Backlash grows over use of facial recognition
In a letter to the Privacy and Civil Liberties Oversight Board, an independent agency in the executive branch, consumer, privacy and civil liberties groups urged President Trump and his administration to prohibit the federal government from using facial surveillance on the American public. Advocates are ringing the alarm after a recent federal study by The National Institute of Standards and Technology found pervasive racial bias in facial surveillance technology, and a New York Times investigation found a startup, Clearview AI, was stockpiling more than 3 billion photos from online sites and offering them up to help law enforcement match photos of suspects to pictures online. Considering the startup’s obvious violations of existing privacy laws, and the prevalent bias and discrimination in the facial recognition systems that are currently in use, advocates recommend a blanket moratorium on the technology.

Advocates call on Amtrak to end forced arbitration policy
Consumer Action joined a coalition of more than 30 groups in urging the federally-controlled and federally-subsidized Amtrak to remove the arbitration clause it implemented earlier this year for passengers. This new policy means that for any dispute ranging from a customer complaint to a mass casualty crash, passengers and their families are stripped of their right to go to court.
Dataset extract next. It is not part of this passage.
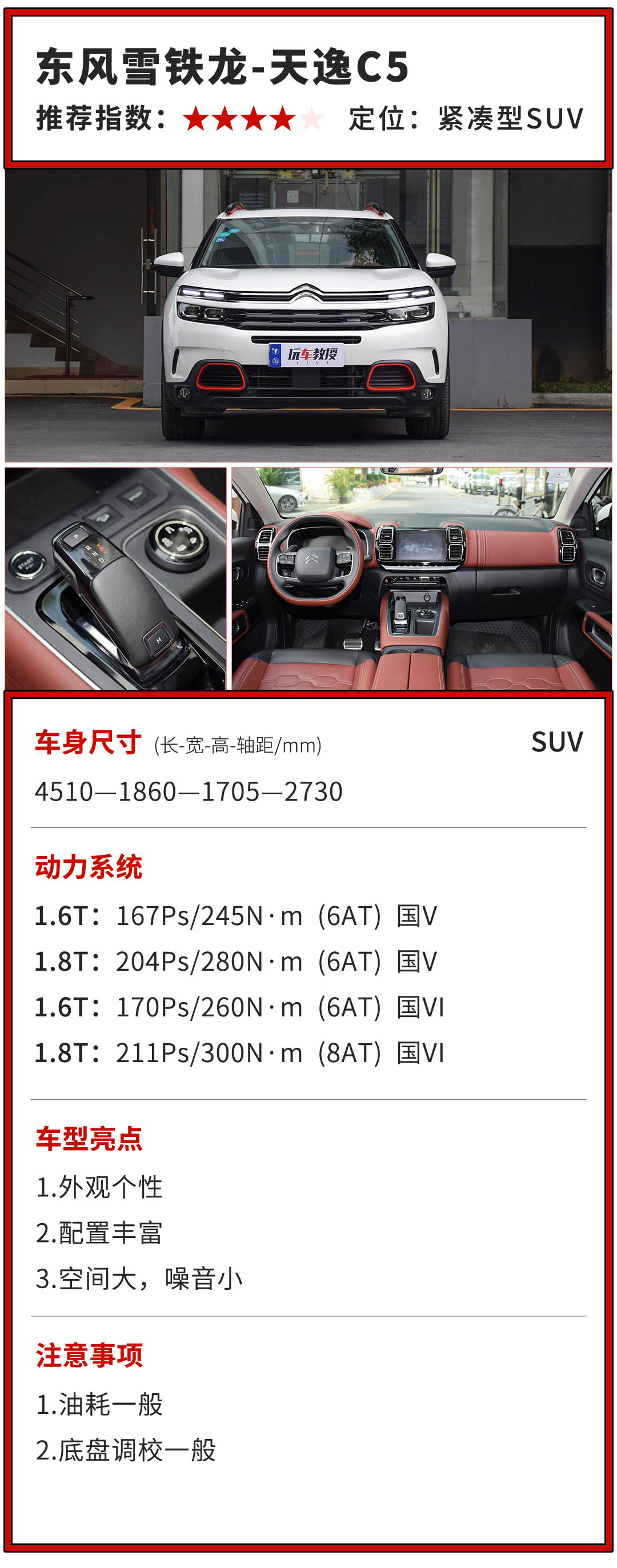动力上,雪铁龙天逸C5共搭载了两款动力,分别是1.6T和1.8T的发动机,不过因为国VI的原因,在原有动力上有了一些升级。目前国VI版本的动力,1.6T最大功率为170马力,1.8T最大功率为211马力,还是能满足日常行车要求的,不过在燃油经济性方面还是差上一些,而且它的底盘调校偏软,过小沟小坎会出现较大的颠簸情况。

Under forced arbitration, Amtrak disputes must be resolved in a secretive, privatized system, replacing and judge and jury with arbitrators.

The sale of .org a big concern for non-profit organizations
A private equity firm will soon run the internet’s top domain name extension for non-profits after purchasing the non-profit organization that runs it. Millions of non-profits around the world rely on .org domain. Yet, the Internet Society, the American nonprofit organization founded in 1992 to provide leadership in internet-related standards, decided to sell it, causing concern that fees to renew domain names will drastically increase in order for the firm to recoup its billion-dollar investment. Proponents of the deal reasoned that competition will keep renewal prices in check, but non-profit associations with established web addresses are wary to risk changing their web address and losing their online identity—in doing so, organizations may not be found by clients and donors under a new web address.

Stop the onslaught of annoying robocalls
Consumer Action signed on to support public testimony to the U.S. House of Representative's Subcommittee On Communications and Technology regarding potential legislative solutions to the rampant problem of illegal scam and spoofed robocalls.

Is Mercedes-Benz cheating us out of clean air?
Mercedes-Benz stands accused of installing cheat devices into its diesel vehicles to evade U.S. emissions laws at the expense of consumers and the environment. Consumer Action joined advocates in urging Congress to help hold Mercedes accountable.